A Blackberry sign outside the company's offices in Waterloo, Canada. Picture: REUTERS/MARK BLINCH
A Blackberry sign outside the company's offices in Waterloo, Canada. Picture: REUTERS/MARK BLINCH

The meteoric rise of GameStop’s share price has been a great example of the lollapalooza effect (see this week’s Money story for an in-depth account of the GameStop phenomenon).

Many speculators are now trying to anticipate (or engineer) the next major short squeeze. The share prices of some heavily shorted stocks have started to rise quite sharply, with little regard given to the fair value of the businesses behind these stock tickers. Even commodity markets have been targeted, with an army of retail investors trying to emulate the Hunt brothers’ attempt to corner the silver market 40 years ago.

Amid all the frenzied euphoria, let’s look at some businesses whose share prices have risen sharply of late.

AMC Entertainment

AMC operates more than 1,000 movie theatres worldwide, with a large US footprint. As we saw locally with Ster-Kinekor entering business rescue last week, this industry has been hit hard by the pandemic. Even though most of AMC’s cinemas are now open, there has been very little attendance. This is not only due to fears about infection in crowded indoor spaces — very few new movies have been released over the past year, with studios finding it hard to shoot under current conditions.

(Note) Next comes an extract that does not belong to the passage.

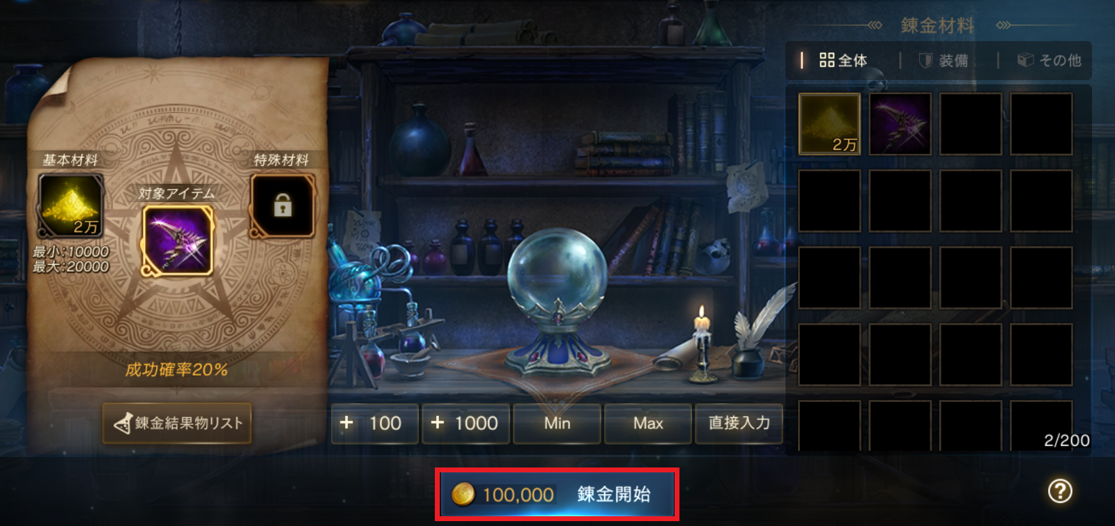 「上級祝福の粉」は素材アイテムの種類や強化値に応じた指定の範囲で個数を指定して登録することができ、多いほど錬金成功確率が上昇します。(最大20%)

AMC is technically insolvent, with an equity deficit of more than $2bn reported as at end-September 2020. The recent share price spike allowed debt holders to convert $600m of debt into equity (and promptly sell most of the new shares issued), which will help the balance sheet. Shareholders can expect further dilution, if AMC is to survive.

Many speculators are now trying to anticipate (or engineer) the next major short squeeze

BlackBerry

I still have fond memories of my "revolutionary" BlackBerry cellphone, with its Qwerty keypad (before the days of touchscreen smartphones). While BlackBerry has exited the consumer device market, it still offers its encrypted enterprise communications platform to governments and other clients sending sensitive data electronically. After a long-running patent infringement dispute with Facebook, a settlement was announced last month. Financial details were not disclosed, but we don’t believe it will lead to a windfall for BlackBerry.

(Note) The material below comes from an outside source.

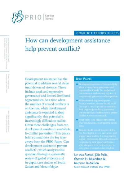 This policy brief outlines how development assistance can help prevent conflict, by addressing structural drivers of violence such as weak governance and lack of livelihoods. It draws on global evidence and case studies from South Sudan and Mozambique.

Bulls also point to a recent partnership entered into with Amazon Web Services, in terms of which data generated by BlackBerry’s leading automotive operating system, QNX (which runs on 175-million cars worldwide), will be monetised. BlackBerry has been loss-making for the past few years, but could make a profit of roughly $100m for the 2021 financial year. With a market cap of $8bn at the end of January, this puts BlackBerry on a frothy p:e of 80 times.

Bed, Bath & Beyond

This omnichannel retailer, which sells home merchandise and owns the Buy Buy Baby chain, has had a tough few years due to the growing consumer preference for online retail. Activist investors overhauled the board and replaced the CEO in 2019 after highlighting instances of nepotism. Since then, new CEO Mark Tritton has been leading a turnaround effort that is gaining momentum.

The company has shown positive same-store sales growth in its past two quarters and is actively (and aggressively) buying back its shares. The business is also in a net cash position, excluding lease obligations. While the company has incurred large losses in its past two financial years, this is mostly due to one-off impairment charges, with adjusted earnings before interest, tax, depreciation and amortisation actually growing.

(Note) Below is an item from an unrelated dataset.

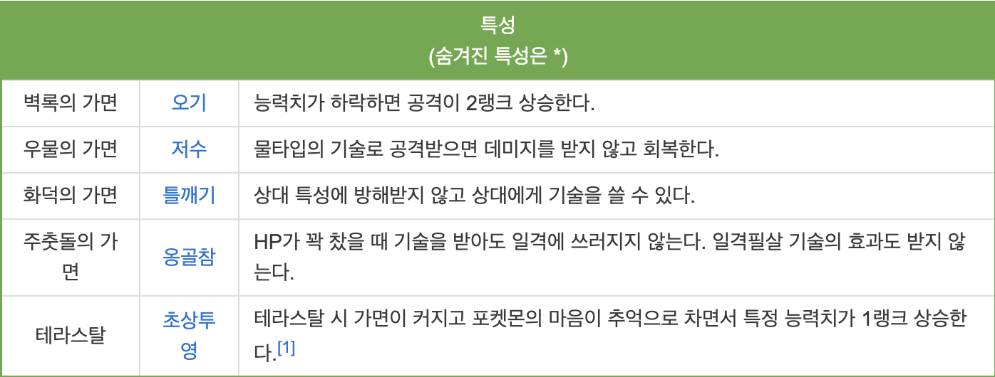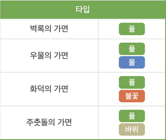 가면에 따라 바뀌는 건 특성과 타입입니다.

The share price may be running ahead of itself, but this is one stock discussed here that should not have been shorted so aggressively, as the fundamentals of the business are improving.

Koss Corp

On January 22, Koss shares were trading around $3.50 each, giving the stereo headphone and speaker manufacturer a market capitalisation of less than $30m. A week later, the shares were trading at $64, more than 1,600% higher and representing a market capitalisation of almost $500m. Koss’s annual revenues are around $20m a year, and it is only marginally profitable, making the share price surge hard to justify. The surge has nothing to do with a short squeeze: Koss hardly had any shares sold short as at January 15 (the most recent date for which short interest data has been announced by the Nasdaq).

It would seem that Reddit’s WallStreetBets users were able to push the shares into the stratosphere due to the company’s small free float, since entities related to the Koss family own more than half of the shares. This left very few shares available to buy, a situation ripe for a share price spike.

The shares of companies with high short interest could be a good buying opportunity, but only if a turnaround in the prospects of the business are anticipated. For companies whose prospects continue to deteriorate, buying aggressively will leave you coming up short.